Séance en hémicycle du mercredi 3 juillet 2019 à 15h00
Haine sur internet — Motion de renvoi en commission

Photo issue du site de l'Assemblée nationale ou de WikipediaLaetitia Avia, rapporteure de la commission des lois constitutionnelles, de la législation et de l'administration générale de la République :

Je me permettrai d'être un peu plus longue, pour répondre à certains éléments que vous avez évoqués, madame Obono, sans répondre toutefois à tous les points que vous avez soulevés. Certains éléments ont en effet, comme l'a dit M. le secrétaire d'État, un caractère principiel, et nous avons à leur propos des visions différentes, mais je puis cependant vous apporter déjà des réponses sur certains autres.

Vous avez évoqué avec beaucoup de justesse le besoin de mieux accompagner les victimes, de disposer d'une réponse pénale efficace et de mener avec ambition une véritable lutte contre les discriminations.

Pour ce qui est de la réponse pénale, je rappelle que, comme je l'ai dit lors de mon discours introductif, un parquet spécialisé sera créé, ce qui signifie que nous disposerons de moyens dédiés à cette lutte contre la haine. Il s'agit en effet de faire face aux situations que vous avez évoquées, où les procédures sont longues et où, comme nous le savons pour l'avoir tous vécu, certains acteurs ne maîtrisent pas forcément les différents outils qui font l'objet de ces procédures – souvent, par exemple, ces acteurs ne sont pas formés pour répondre à un raid numérique. La présence d'enquêteurs et de magistrats spécialisés me semble donc être une réponse à cette question pénale.

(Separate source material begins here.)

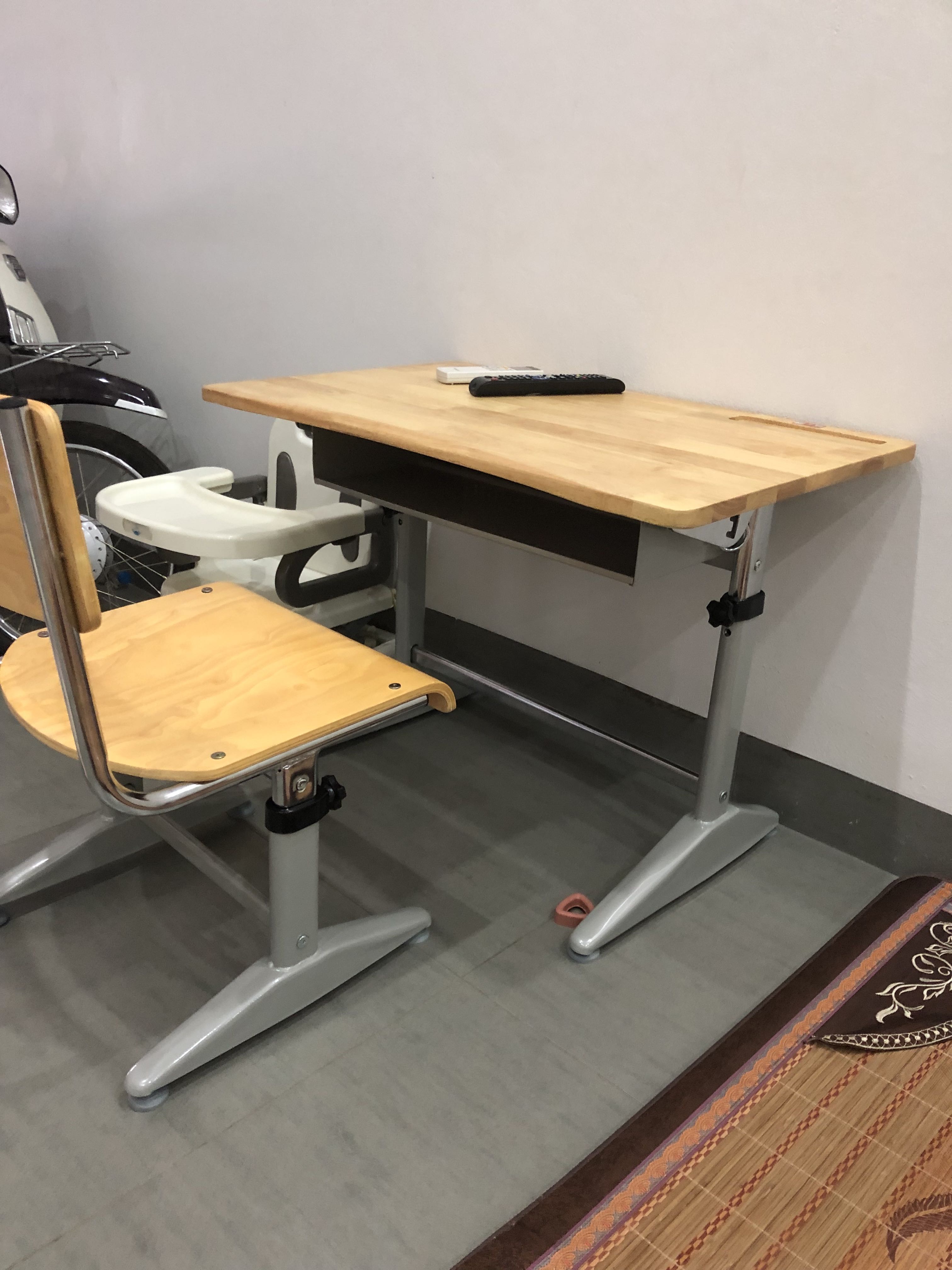 + Chân bàn và chân ghế đều có bộ phận điều chỉnh độ cao để phù hợp với từng người ngồi.

Pour ce qui concerne les victimes et les auteurs, je salue la présence dans les tribunes de notre ancienne collègue Élise Fajgeles qui, depuis le 1er juillet, est chargée, au sein de la DILCRAH, la Délégation interministérielle à la lutte contre le racisme, l'antisémitisme et la haine anti-LGBT, d'une mission d'accompagnement des victimes, de pilotage de la lutte contre les discriminations et de suivi de la sanction des auteurs. Merci, chère Élise, pour cette mission que vous effectuez.

Madame Obono, dans tout ce que vous avez dit, il est un point qui m'a dérangée. Vous avez en effet évoqué une proposition alternative à celle qui est formulée dans cette proposition de loi : l'interopérabilité, qui permettrait de lutter contre le phénomène de la haine sur internet. Or je ne comprends pas que vous puissiez présenter cela comme une solution. Il s'agit certes d'un élément intéressant en termes de régulation du numérique et d'appréciation du modèle économique des plateformes, mais ce n'est pas une solution à proposer aux victimes. Cela revient à dire à une femme que, si elle est victime de sexisme en passant dans tel quartier, elle devrait passer par une autre rue, ou à dire, comme l'on fait certaines personnes après le suicide de la jeune Evaëlle, victime de harcèlement scolaire, qu'elle aurait peut-être dû changer d'école. On ne dit pas à une victime de changer de lieu : c'est le lieu qui doit changer.